Não combina contigo isso, sinceramente! Você é uma mulher foda, não é pra qualquer detalhista
que se esquece da gentileza, cruzes!

A ofendida enxuga as lágrimas, respira fundo e, enquanto pega o colírio na bolsa, cai em si:

-Nossa, que bom ouvir essas coisas, nega, brigada!


-É pra isso que existem as amigas, porque elas podem ver de fora.
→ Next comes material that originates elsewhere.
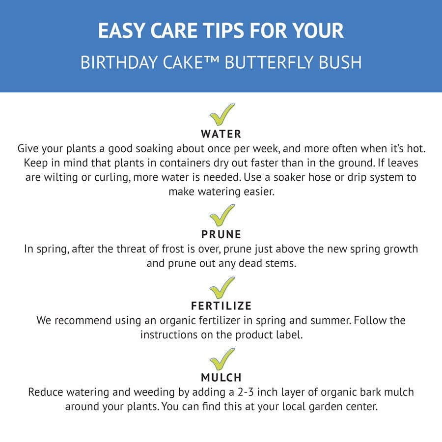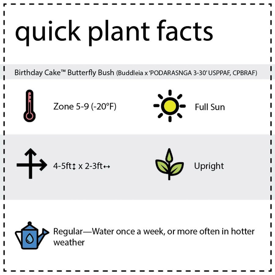 An easy-grow, easy-care shrub, Buddleia Birthday Cake performs best in sunny locations with average, medium moist, well-draining soil. The plant is heat tolerant, deer-resistant, and pet friendly. Deadheading regularly encourages and prolongs flowering and discourages any unwanted self-seeding.

E de fora a vista é bem menos
embaçada...
-A gente fica meio idiota quando tá a fim de alguém, né?
-Comigo também rola isso, de volta e meia ficar desse jeito que você tá aí, toda me sentindo meio
boçal de ter dado corda prum figura tão merda quanto esse carinha.

E assim, como quem está de férias no Maranhão tomando sorvete de graviola, as amigas
espremeram aquele episódio até a última gota, pois sabiam que somente dessa forma poderiam se
ajudar na imensa dificuldade que é lidar com os próprios sentimentos, emoções, hormônios e todo
tipo de substância ou presença que nos modifique a respiração e que nos deixe prontas para
transgredir em paz.

E, em se tratando de babacas, a melhor coisa a fazer é sair de cena sem alarde, como quem diz que
vai ao toalete e não volta pro final do espetáculo.

Porque circo de horrores é só pra quem tem estômago de avestruz.